Human touch highlights the adventure

Disclaimer: I received a set of BUFF® gear as part of being a BibRave Pro. Find and share race reviews by going to www.bibrave.com. Learn more about becoming a BibRave Pro by going to https://www.bibrave.com/bibravepro.

As I think back to my Buff #livemorenow adventure this past weekend at the Chicamocha Trail Run, the overwhelming memory that I am still savoring today is how warm and welcoming a great number of fellow athletes as well as local people were to me before, during, and after the race. There is no doubt that one looks forward to great scenery and a number of other factors involved during an event like this, but the connection and interaction with others can make all the difference in the overall experience.

During the hour and a half bus ride to the race start point in the town of Carcasí as well as through our warm-ups during our wait there, several of us connected and chatted about anything and everything; whether or not it was our first time participating there, the things that we were nervous about, the equipment we were carrying around and wearing, etc.

After the race started and around mile 5-6, there was a group of four us who had settled on a similar pace and were laughing and enjoying the trail when all of the sudden I slipped on a wide mud patch we were crossing. When I fell on my side and tried to get up, my right calf cramped up so suddenly and tightly that I yelled loudly in pain and fell back down in disbelief. Within seconds, the three other runners in the group came to my aid and helped me get back up after stretching my leg and feet and the cramp had subsided.

Then during what to me was a brutal and final climb of over 2,000 feet over the last couple of miles when I just couldn't get rid of cramps on what felt like every muscle on my legs, a local resident named Celine happened to come up on the trail and noticed me struggling along. She said hello, encouraged me, and said she'd walk along and keep me company me on what remained of the climb.

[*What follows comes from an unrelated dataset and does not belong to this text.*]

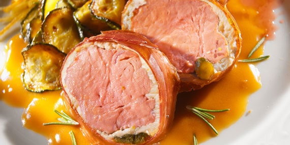 Etaler ce mélange sur les escalopes de porc et appliquer par dessus les tranches de Jambon Cru. Faire chauffer l’huile dans une poêle. Ajouter le hachage grossier d’oignon, de carotte et de céleri. Laisser égoutter le hachage et ajouter les filets.

We had a great conversation during that time, and just as we entered the final segment of the race at the edge of the town of Málaga, she ran a bit ahead of me about a block away and came back with a bottle of water and a guava bar and gave them to me, saying they'd help give me one last spike of energy to reach the finish line. She did all of that simply out of the goodness of her heart when there wasn't even a bit of expectation or pressure for her to do so. She could have just as well looked at me and completely ignored me as I struggled on along the trail.

All of these "human touch" moments truly turned this challenge and adventure into what will always be an unforgettable experience to me.